Observations on the Procedure
As my recent Tax Court experience is in tax clinic cases where discovery was rare, I sought thoughts on the process from Sean Akins, Special Counsel at Covington, co-author of Thomson Reuters’ Litigation of Federal Tax Controversies and former Procedurally Taxing guest poster. While Sean likewise has no direct experience with the process, he does have significant insight, noting that quick peek “is consistent with the Tax Court’s practice of seeking to have the parties communicate and cooperate to the greatest extent possible” and that he “suspects that the Court hopes that the parties will be able to agree that certain documents are truly protected by the deliberative process privilege, some are not, and as to the others there remains a fair dispute.” As Sean observes, even if the parties still may dispute whether privilege attaches, it could lessen the need for further court intervention “because Petitioners will have the opportunity to review the substance of the documents, and it may be that they elect not to challenge the privilege claim if they determine some of the documents lack relevance/materiality.”
Sean also however expressed “a little surprise” at its use in the context of the government claiming deliberative process privilege:
[T]the quick peek method was utilized concerning documents purportedly subject to the deliberative process privilege. The theory behind that privilege, as I understand it, is that assuring government employees of confidentiality with respect to their decision-making process should permit those individuals to provide more candid advice. Allowing a quick peek, even if the privilege attaches and remains unwaived, cuts against this, as the decision-making process is revealed. Somewhat ironically, the IRS resisted the notion that a protective order would adequately protect the IRS should the documents be produced to Petitioners. But, nothing in the Order that the Court issued would preclude Petitioners or their counsel from disclosing to others the substance of what they learned during the quick peek process.
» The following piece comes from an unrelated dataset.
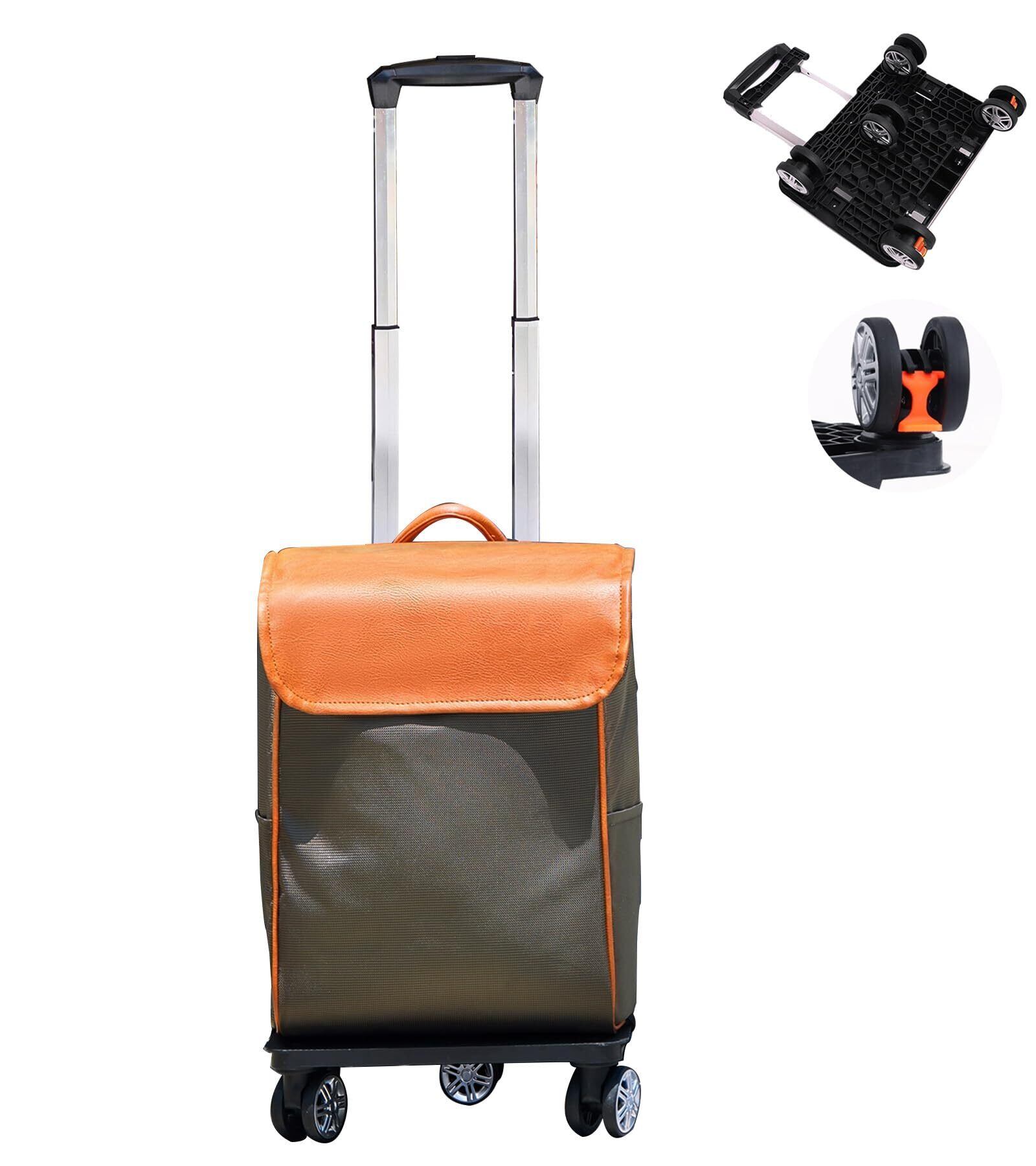 【新春セール】ショッピングカート ショッピングキャリー 買い物 小型台車 軽量2kg・大容量25L!軽量 アルミ製 コンパクト折りたたみ 脱着可能なバッグ 5輪安定設計 ブレーキ付き 三段階調節ハンドル 耐荷重35kg 横に押す 縦に引く (カーキ色)

In the absence of protections against such disclosure, I would have opted for a protective order.
Sean adds that “he would be interested to keep an eye on this and see how it is ultimately resolved, and whether the parties are again before the Court with a more narrow set of documents requiring an in camera review.” We will keep an eye on the Guidant case and also for other orders where the Tax Court uses this approach.
For those interested I include the language from the order setting out the procedure:
- Respondent does not waive any privilege it has asserted with respect to deliberative due process or any other privilege it has previously asserted in this case. The privilege is not waived in this litigation and any disclosure is also not a waiver in any other Federal or State proceeding.
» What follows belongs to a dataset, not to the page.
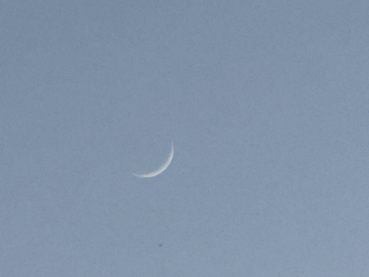 よく見ると、お空に細い月(画面の中心付近、かなり薄い色)

- Counsel for respondent shall disclose each document for which he claims privilege and counsel for petitioners shall review such document but is not permitted to retain or copy such document unless both counsel agree otherwise or except as provided.
- All documents which both counsel agree are properly claimed as privileged shall remain so and respondent shall not be required to produce that document further. All documents which both counsel believe are not properly claimed as privileged shall be immediately produced and given to petitioners.
- The parties shall file a status report after they have concluded their quick peek procedure.